Удар Занда пришелся по Коцебу, больно задел императора Александра и благодетельно отозвался на русских либералах. Кинжал немецкого студента вырыл пропасть между Александром и европейским либерализмом, приблизил вплотную к последнему русских либералов и окончательно разлучил их с царем. Александр открыто пошел назад: дальше обманывать было некого и незачем. Русские либералы ринулись вперед — верить Александру дальше было бы нелепо и смешно.
Только слепые могли не видеть, как резко переменился Александр. Хромой Тургенев писал 26 июня 1819 года брату:
«Тот, которым восхищалась Европа и который был для России некогда надеждой, — как он переменился!.. Теперь нельзя ничего предвидеть хорошего для России».

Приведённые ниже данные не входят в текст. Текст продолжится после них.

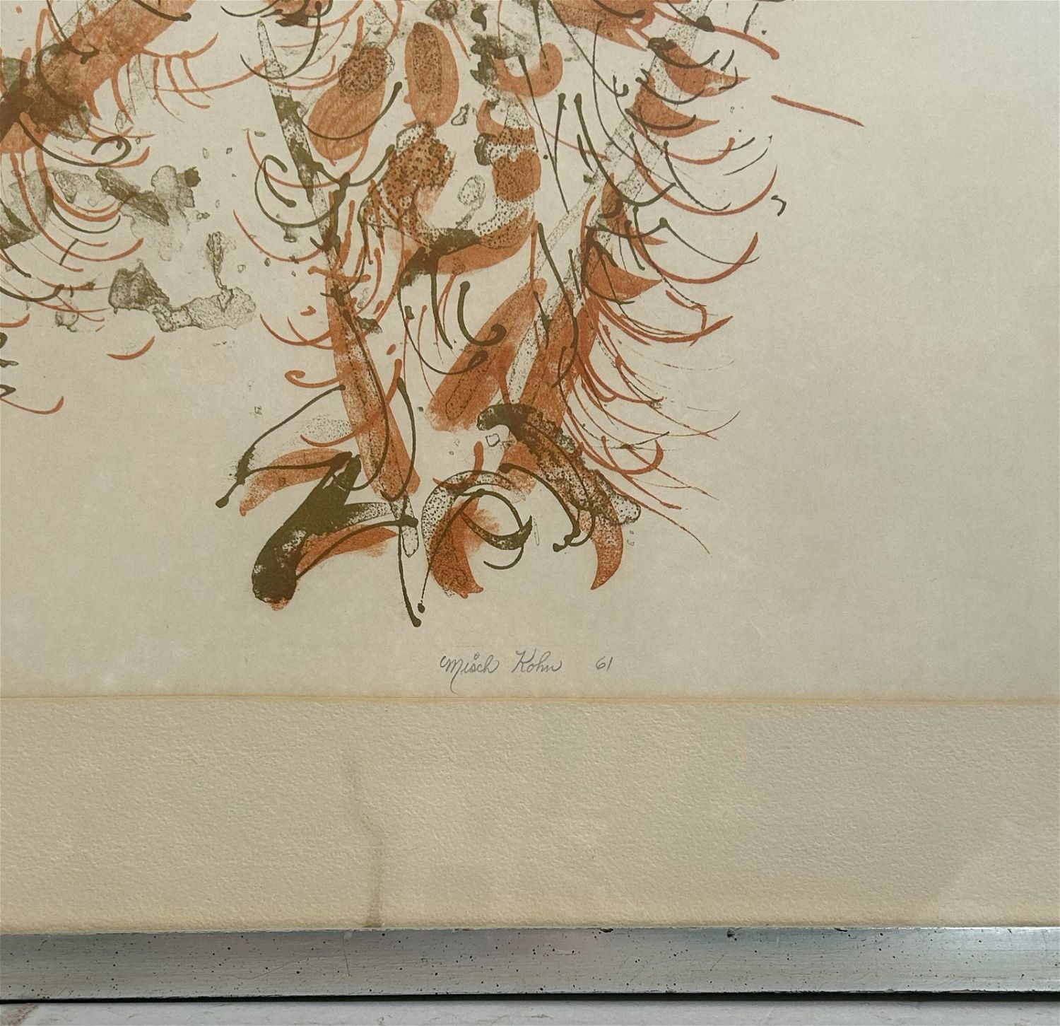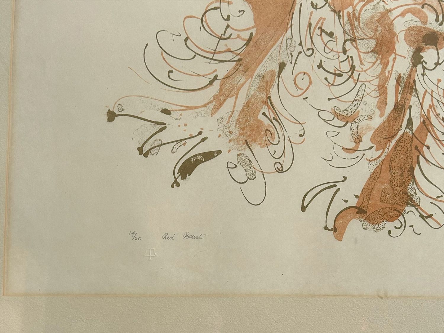 Vintage Large Art Print, Pencil Signed by Misch Kohn 61 with a title ”Red Beast”, frame size 37.25”h x 47.75”w and sight size 31.5”h x 42”w

Местом, где было сосредоточено все откровенное и прямое, что говорилось в Петербурге по адресу императора и правительства, где переваривались все свежие европейские новости, был дом Е. Ф. Муравьевой, урожденной баронессы Колокольцовой. Александр Бестужев любил бывать в муравьевском дворце на Фонтанке. Ему нравился дух этой семьи, аристократической по имени и положению в обществе, но вместе с тем совершенно свободной от узости чисто аристократических интересов. Отец хозяйки дома, старый барон Колокольцов, давно уже умер, но тень его как бы еще жила на Фонтанке. Он был крупнейшим землевладельцем, откупщиком, акционером Российско-Американской компании, энергичным, предприимчивым дельцом и одновременно сенатором — государственным сановником подвижной, чисто английской складки. Практических наклонностей старый барон не передал своим наследникам, но его глубокая симпатия к деловым взглядам на жизнь и ее задачи, к новым формам общественных отношений и к новым приемам хозяйственной деятельности продолжала жить среди них.
Старший из сыновей Екатерины Федоровны, Никита, был поручиком гвардейского генерального штаба. С увлечением копаясь в огромной дедовской библиотеке со стеклянным куполом, он сочинял острые замечания на «Историю» Карамзина. Часто случалось, что в библиотеке собирались его личные гости, молодые гвардейские офицеры, и тогда вход в эту комнату для всех прочих бывал решительно закрыт.